Wilhelm Molitor (24 August 1819 – 11 January 1880), known by the pseudonyms Ulric Riesler and Benno Bronner, was a German poet, novelist, canon lawyer and publicist, and Roman Catholic priest. He was a chief promoter of the Catholic movement in the Palatinate.

==Life==

Molitor was born at Zweibrücken in the Rhine Palatinate. After studying philosophy and jurisprudence in Munich and Heidelberg (1836–1840), he held various juridical positions in the service of the state from 1843 to 1849. Feeling himself called to the priesthood, he studied theology at Bonn (1849–1851) and was ordained priest on 15 March 1851.

In the same year he became secretary to Nicolaus von Weis, Bishop of Speyer; on 11 November 1857, he was elected canon of the cathedral chapter and, soon after, appointed custos of the cathedral, and professor of archæology and homiletics at the episcopal seminary.

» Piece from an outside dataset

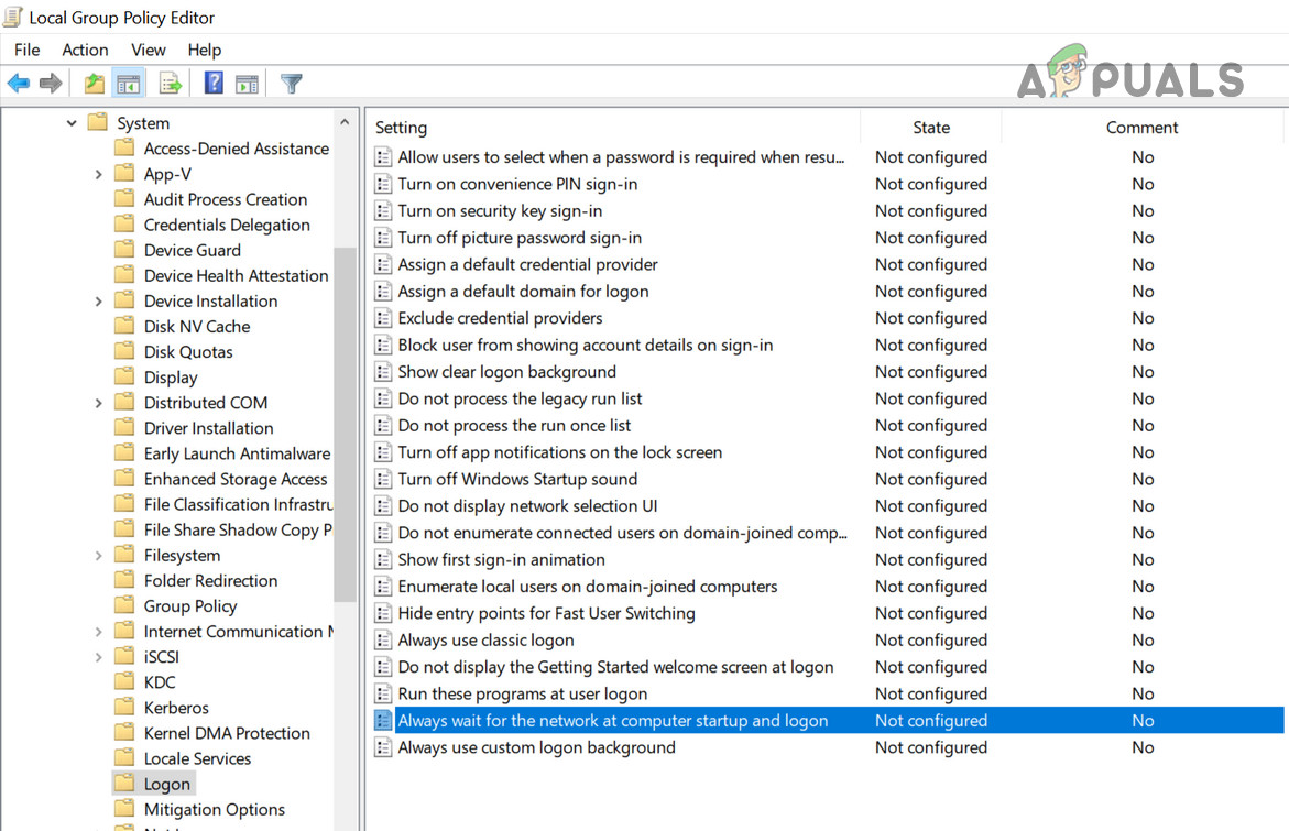 There can be different group policy settings that may trigger the issue at hand. For example, if your system has a fast SSD as a system drive, then your system can boot even before the network connection is established. In this scenario, editing the relevant group policy settings may solve the problem.

He took part in the consultations of the German bishops at Bamberg (1867), Würzburg (1868), and Fulda (1869). In 1868 Pope Pius IX summoned him to Rome as a consultor, ahead of the First Vatican Council.

From 1875 to 1877 he was a member of the Bavarian Landtag. His ultramontane principles made him unacceptable to the Bavarian Government, which in consequence repeatedly prevented his election to the See of Speyer. He founded the "Pfälzicher Pressverein", the daily paper "Rheinpfalz" and the "Katholische Vereinsdruckerei".

Molitor died at Speyer.

==Works==

He is the author of numerous poems, dramas, novels, sketches on the questions of the day, and a few juridical treatises. A collection of his poems was published in 1884; his "Domlieder" in 1846. His dramas are:

- "Kynast" (1844);
- "Maria Magdalena" (1863, 1874);
- "Das alte deutsche Handwerk" (1864);
- "Die Freigelassene Neros" (1865);
- "Claudia Procula" (1867);
- "Julian der Apostat" (1867);
- "Des Kaisers Guenstling", a tragedy of the times of the martyrs (1874);
- "Die Blume von Sicilien" (1880, 1897);
- "Dramatische Spiele", containing the dramatic legend "Sankt Ursulas Rheinfahrt", the comedy "Die Villa bei Amalfi", and the dramatic tale "Schön Gundel" (1878);
- and his three festive plays, "Weihnachtsbaum" (1867), "Das Hans zu Nazareth" (1872), and "Die Weisen des Morgenlands" (1877).

His novels are:

- "Die schöne Zweibrückerin", 2 vols. (1844);
- "Der Jesuit" (1873);
- "Herr von Syllabus" (1873);
- "Memoiren eines Todtenkopfs", 2 vols. (1875);
- "Der Caplan von Friedlingen" (1877);
- "Der Gast im Kyffhäuser" (1880).

His juridical works are:

- "Ueber kanonisches Gerichtsverfahren gegen Cleriker" (1856);
- "Die Immunität des Domes zu Speyer" (1859); "Die Decretale Per Venerabilem" (1876).

He also wrote:

- three volumes of sermons (1880–1882);
- "Das Theater in seiner Bedeutung und in seiner gegenwärtigen Stellung" (1866);
- "Ueber Goethes Faust" (1869);
- "Brennende Fragen" (1874);
- "Die Grossmacht der Presse" and "Die Organisation der Katholischen Presse" (1866).

In collaboration with Franz Hülskamp he wrote "Papst Pius IX in seinem Leben und Wirken", 4th ed. (1875) and in collaboration with Wittmer "Rom, Wegweiser durch die ewige Stadt" (1866, 1870).